As it stands, even the US$1.56 billion invested with “a licensed financial institution” is a questionable act. However, the transfer of US$1.16 billion or 42.7% of the funds to be used by the parent company, 1MDB to help pay its debts and cover the shortfall in operating expenses is a clear breach of the “Offering Circular”.
The question is hence, has the investors of the 1MDB bond been duly informed of the change of use of proceeds?

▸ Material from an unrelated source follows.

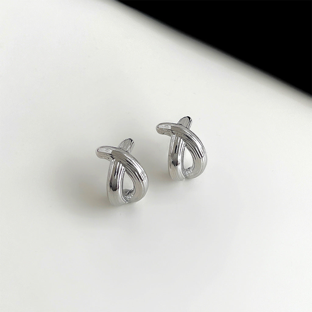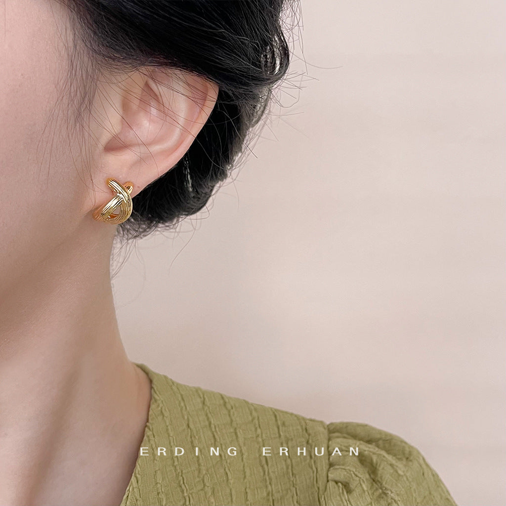 C廠【4664】時尚通勤高級感簡約風幾何立體交叉鍍14K耳環女小眾設計耳飾 24.08-1

Such abuse of funds will certainly harm the credibility of 1MDB, a wholly-owned subsidiary of the Ministry of Finance. For instance, 1MDB expects to be listing its energy subsidiary by the first quarter of next year. In the listing prospectus, it would be clearly stated the “use of proceeds” from funds raised. The question then is, can the “use of proceeds” listed in the propectus by 1MDB be trusted? Will the expected RM18 billion raised by 1MDB Energy from its initial public offering (IPO) be similarly diverted to bailout 1MDB’s other debts or fund 1MDB’s other operations, instead of being dedicated to build the 1MDB Energy business?
More importantly, the desperate act by 1MDB to divert funds raised for its subsidiary to fund 1MDB’s own operating expenses and pay off its debts clearly demonstrates that the company is facing financial difficulties in balancing its cashflow.
Together with other examples cited in my earlier press conferences – the rescheduling and restructuring of a RM6.17 billion loan due in November 2013, as well as the inability to complete the RM317 million land acquisition from Tadmax despite 3 deadline extensions – clearly proves that all is not well in 1MDB.
Given 1MDB’s bloated RM42 billion of debt, and the massive systemic risk it poses on our country’s financial system, it would explain the reason for the Government’s desperation to award 1MDB with super-prime pieces of land at dirt-cheap prices and multi-billion ringgit power plant contracts to ensure a quick and successful listing to raise billions of ringgit. Malaysians are currently witnessing the biggest bailout in the nation’s history.